Las veces siguientes que fui a verla, siempre se las arreglaba para volver a tocar el tema del barco. Y una tarde, cuando empezó a contarme cómo a uno de los donantes internados en el centro lo había llevado su cuidador a ver el barco, le dije:
—Mira, no está lo que se dice cerca, ¿sabes? Se tarda como una hora en coche, puede que una hora y media.
—No estaba sugiriendo nada. Sé que tienes otros donantes de los que ocuparte.
—Pero a ti te gustaría verlo. Te encantaría ver ese barco, ¿verdad, Ruth?
—Supongo que sí. Supongo que me gustaría. Te pasas día tras día aquí metida. Sí, sería estupendo ver algo así.
—¿Y no piensas —dije con voz suave, sin un ápice de sarcasmo— que, ya que tendríamos que hacer todo ese viaje, deberíamos pensar en la posibilidad de visitar a Tommy? ¿No está su centro en la misma carretera donde se supone que está el barco?
La cara de Ruth no dejó traslucir nada al principio.
—Supongo que sí, que podríamos pensarlo —dijo. Luego se echó a reír, y añadió—: De verdad, Kathy, no es ésa la única razón por la que no hago más que hablar del barco. Quiero ver el barco, por el barco mismo. Últimamente me he pasado el tiempo entrando y saliendo de hospitales, y ahora estoy aquí encerrada. Las cosas como ésta importan mucho más que en otro tiempo. Pero de acuerdo, lo sabía. Sabía que Tommy estaba en ese centro de Kingsfield.

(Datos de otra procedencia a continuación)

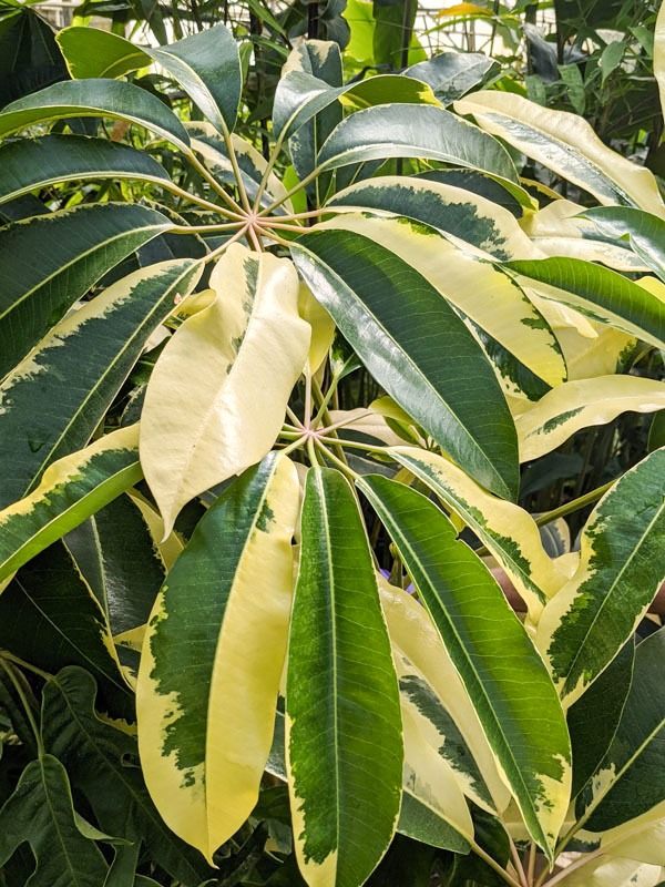 In summer, unusual small mallet-shaped flowers emerge directly from the trunk, offering an interesting display without the heavy bee activity or messy drop often associated with standard Schefflera varieties. Leaves grow in clusters of five to seven at the ends of long stems, forming the familiar umbrella-like pattern. Thriving in bright light with well-drained soil and consistent moisture, this rare variegated selection performs best in USDA Zones 10 to 11.
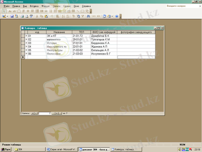 - ДЕКАНАТдеректер базасынан бір объектіні таңдап алып, Создатьпернесін басамыз.
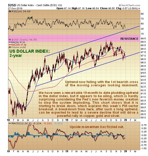 Now we come to the real concrete reason for gold and silver breaking out last week, the ailing dollar. Faced with a full frontal assault on it by the Federal Reserve printing money like crazy in a manner that no other Central Bank can hope to keep up with, the dollar is at last buckling under the strain and breaking down, as we can see on the latest 2-year chart for the dollar index shown below. Given that it is breaking down from a long shallow ponderous uptrend that has been going on for about 20 months, this is viewed as a major development that could lead to a rapid and severe decline, especially as a so called “death cross” looks imminent, where the 50-day moving average crosses below the 200-day. The last time this happened was early in 2017, and that lead to a big drop.
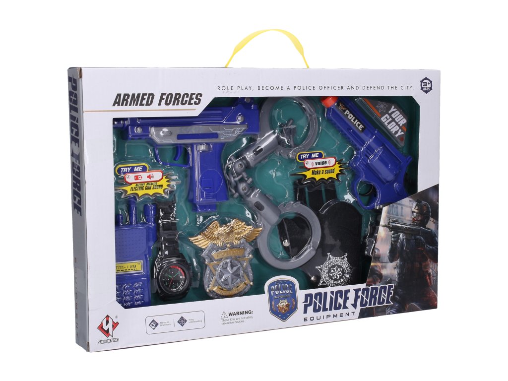 Policejní sada zbraní 18 cm. Obsah balení - samopal 18cm (zvukové efekty), pistole s pouzdrem 18 cm (akustické zvukové efekty), pouta s klíčem, vysílačka, hodinky, odznak. 3xAG13 v samopalu jsou součástí balení.Doplňkové parametry
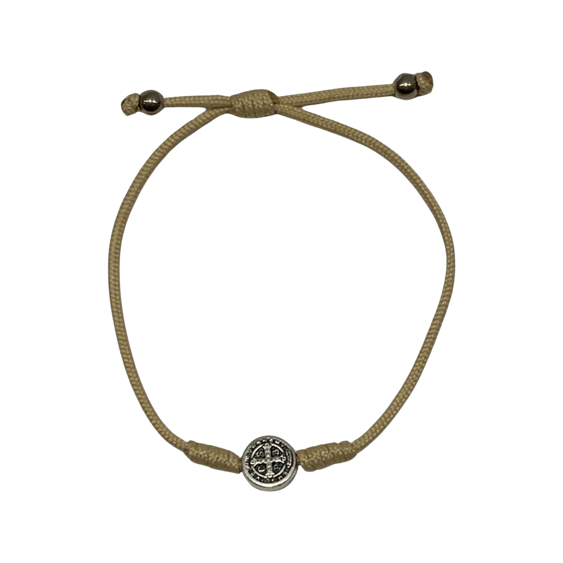 This adjustable cord bracelet with a St. Benedict medal is a great simple yet powerful way to always have on you a sacramental! May all who wear a St. Benedict medal have confidence in the power of Our Lord against all evil, through the particular intercession of St. Benedict.
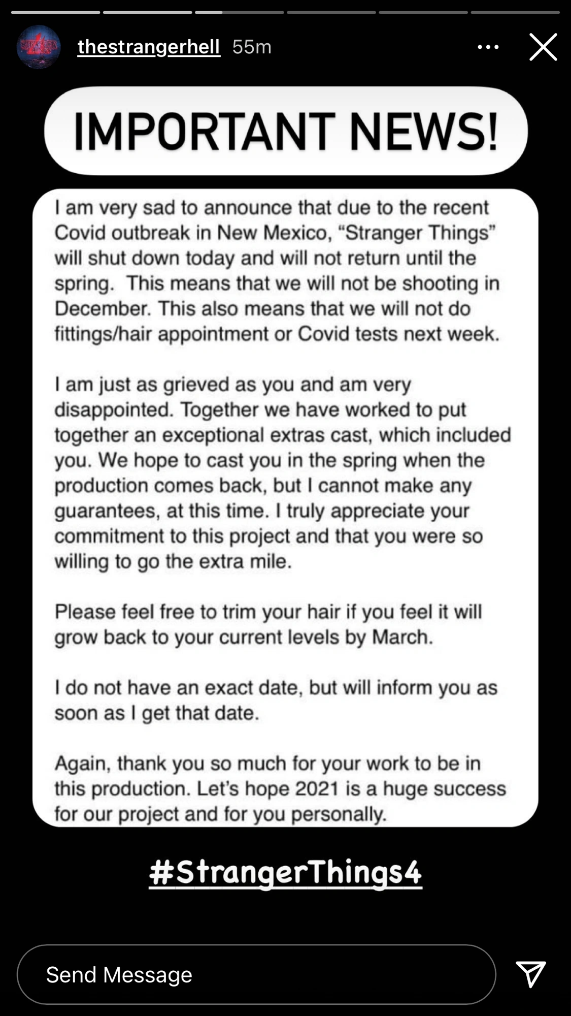 - Stranger Things Season 4 Filming Wraps In Vi Go Vilnius : We Are Waiting To Hear From Production In Atlanta When We Go Back Into Production. The Casting Director Added That Despite The Hiatus, It Is A Great Time For New Mexico Actors To Start Growing.
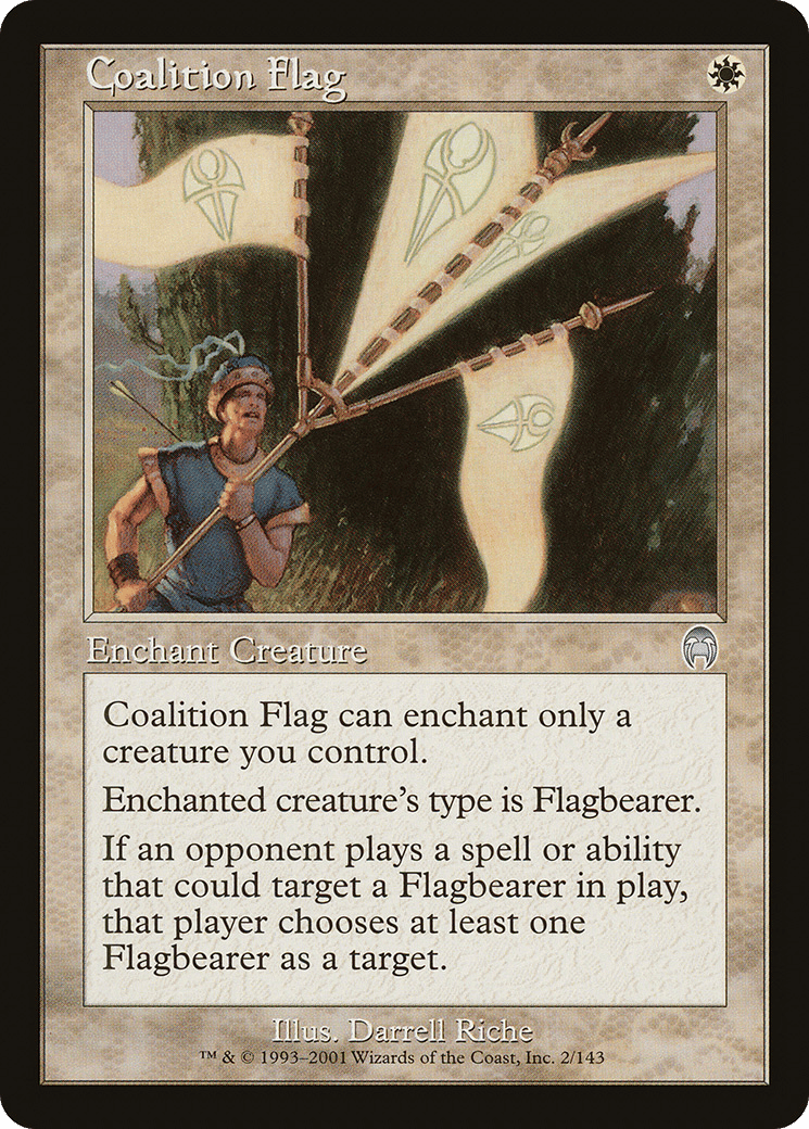 While an opponent is choosing targets as part of casting a spell they control or activating an ability they control, that player must choose at least one Flagbearer on the battlefield if abl
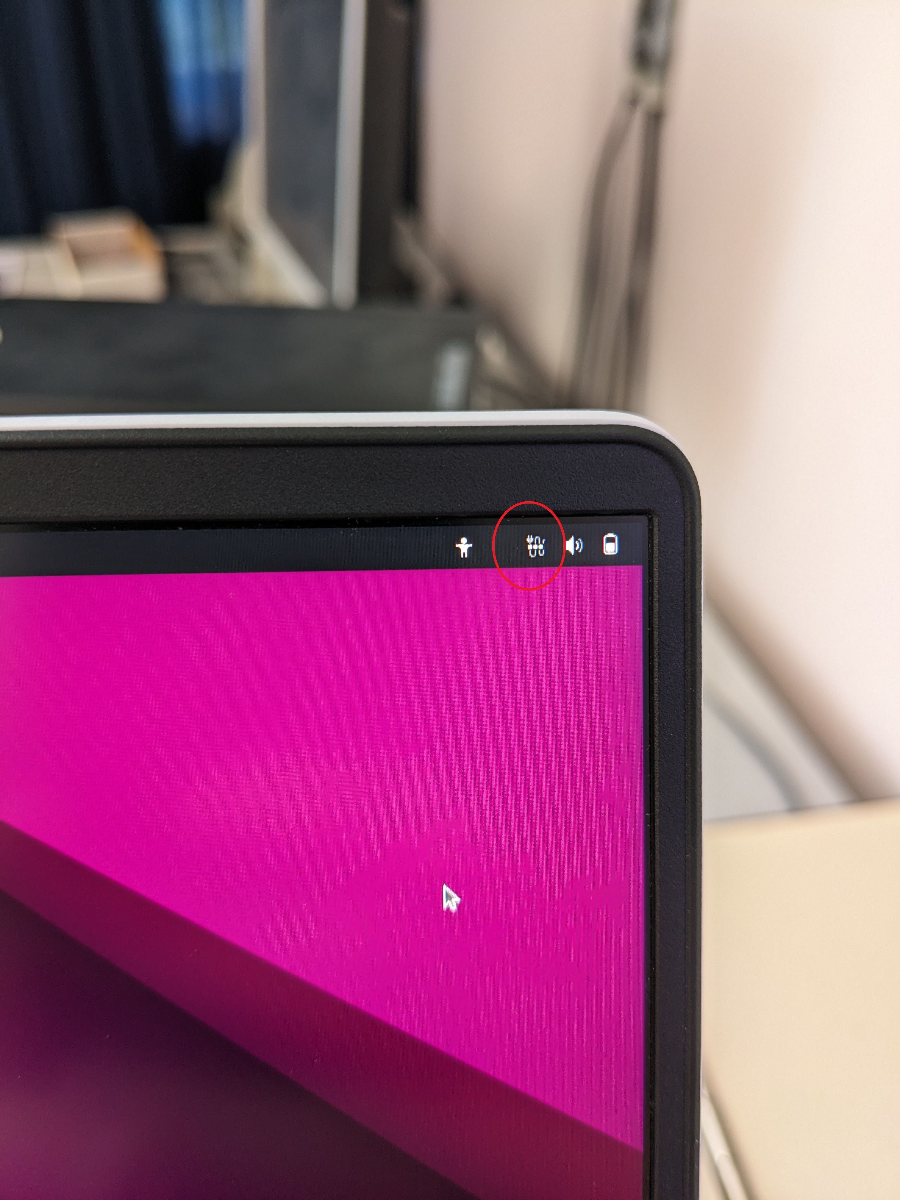 Habe soeben ubuntu über einen Stick laufen lassen. Der linke USB-C Anschluss gibt auch hier kein Bild auf einen externen Bildschirm aus. Es erscheint nur ein kleines Symbol oben rechts und verschwindet dann auch wieder (siehe Anhang).
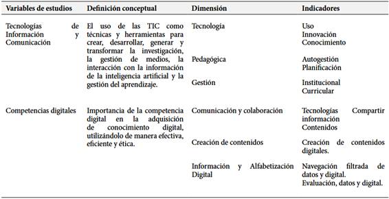 Por otra parte, la muestra se calculó para un error estimado del 5% y una confiabilidad del 99%, resultando ser de 55 docentes. Además, fue empleada para la recolección de información la técnica de la encuesta y como instrumento un cuestionario donde se relacionan las variables de interés. Al respecto, en la tabla 1, se muestra la operacionalización de las variables definidas en la investigación. Las dimensiones de las TIC se definieron como tecnología, pedagógica y de gestión, mientras las competencias digitales fueron la comunicación y colaboración, creación de contenidos e información y alfabetización digital.
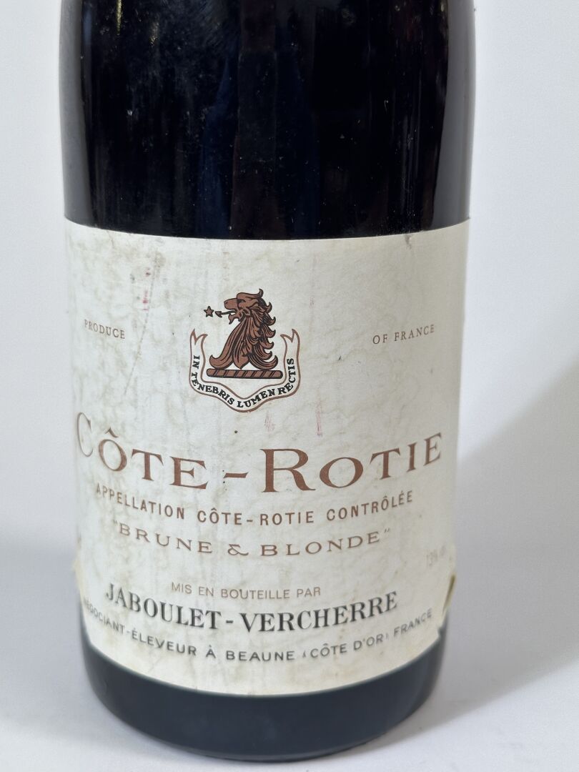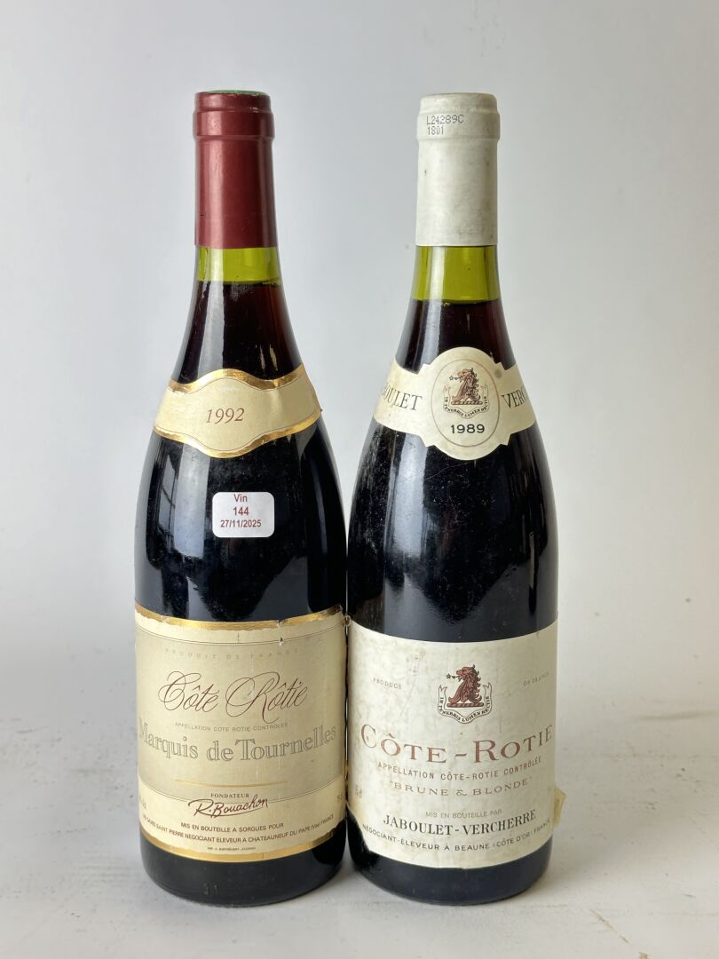 Réunion de deux bouteilles : - JABOUET-VERCHERRE - Côte-Rôtie, Brune & Blonde - 1989 (déchirures et taches à l'étiquette, quelques marques à la capsule). - Caves SAINT PIERRE - Côte Rôtie Marquis de Tournelles - 1992 (étiquette légèrement déchirée).
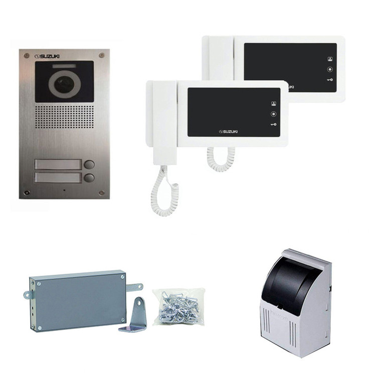 پکیج 2 طبقه کامل سوزوکی شامل یک عدد پنل تک واحدی سوزوکی ،2 عدد گوشی 415Mi با حافظه 4.3 اینچ دکمه لمسی و یک عدد ترانس 12 ولت و قفل زنجیری می باشد. این پکیج اصطلاحا آماده نصب بوده و نیاز به هیچ وسیله دیگری ندارد. البته سیم کشی ها باید انجام شده باشد.
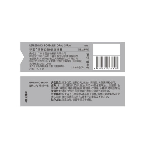 尊蓝 清新薄荷味口喷
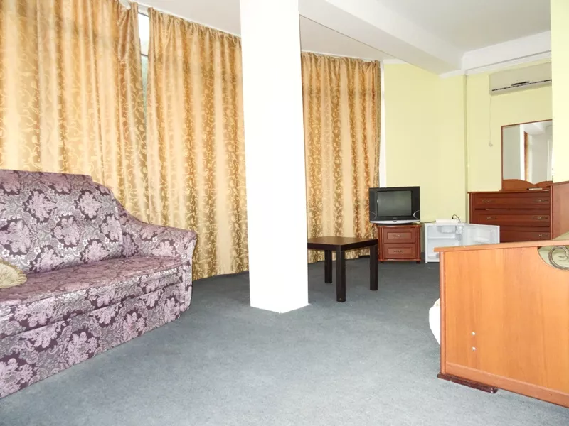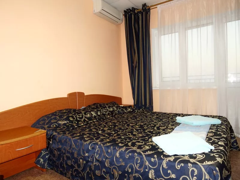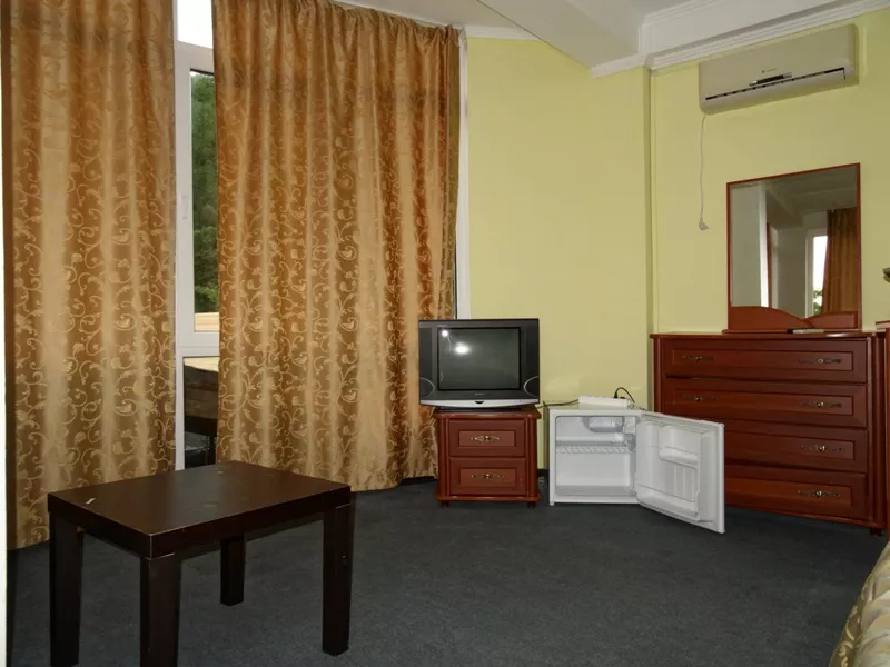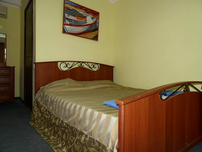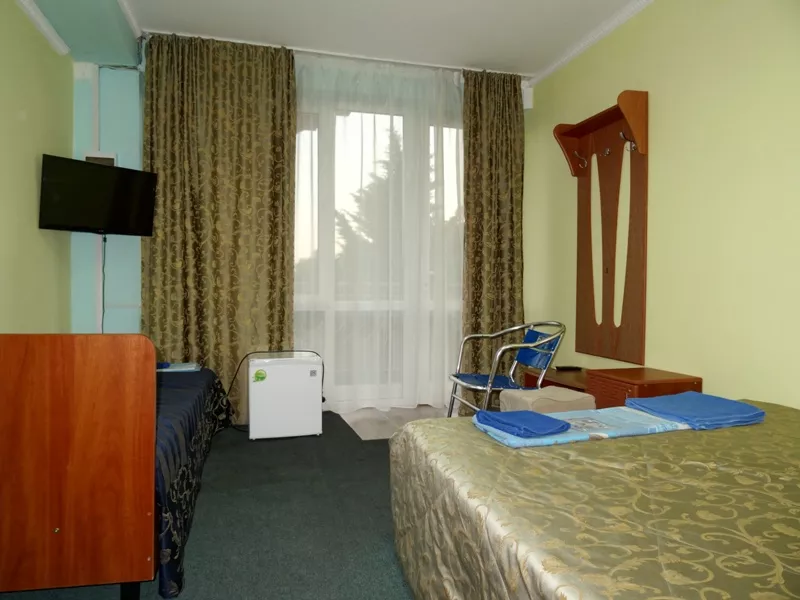 Мебель: односпальные или двуспальная кровати, шкаф, стулья, прикроватные тумбочки, стол, комод, прихожая, вешалка, зеркало. Удобства: кондиционер, телевизор, спутниковое ТВ, интернет, холодильник, балкон.

—¿Estás segura de que quieres verle?
—Sí —dijo Ruth, sin la menor vacilación, mirándome de frente—. Sí, quiero verle —luego, en voz baja, dijo—: No he visto a ese chico desde hace muchísimo tiempo. Desde que estuvimos en las Cottages.
Al fin, pues, hablamos de Tommy. No entramos a fondo en el asunto y no me enteré de mucho más de lo que ya sabía. Pero creo que las dos nos sentimos mejor al haber hablado finalmente de Tommy. Ruth me contó que, cuando dejó las Cottages el otoño siguiente a mi partida, Tommy y ella hacían la vida más o menos por su cuenta.
—Como de todas formas íbamos a tener el adiestramiento en sitios diferentes —dijo—, no merecía la pena que hubiera una ruptura en toda regla. Así que seguimos juntos hasta que me marché.
Y, al llegar a este punto, ya no dijimos mucho más sobre el asunto.
En cuanto al viaje para ver el barco, la primera vez que hablamos de ello ni accedí ni me negué a llevarla. Pero en las dos semanas siguientes Ruth siguió insistiendo e insistiendo, y al final envié un mensaje al cuidador de Tommy a través de un contacto, diciendo que a menos que Tommy nos comunicara lo contrario, nos presentaríamos en Kingsfield un día determinado de la semana siguiente, por la tarde.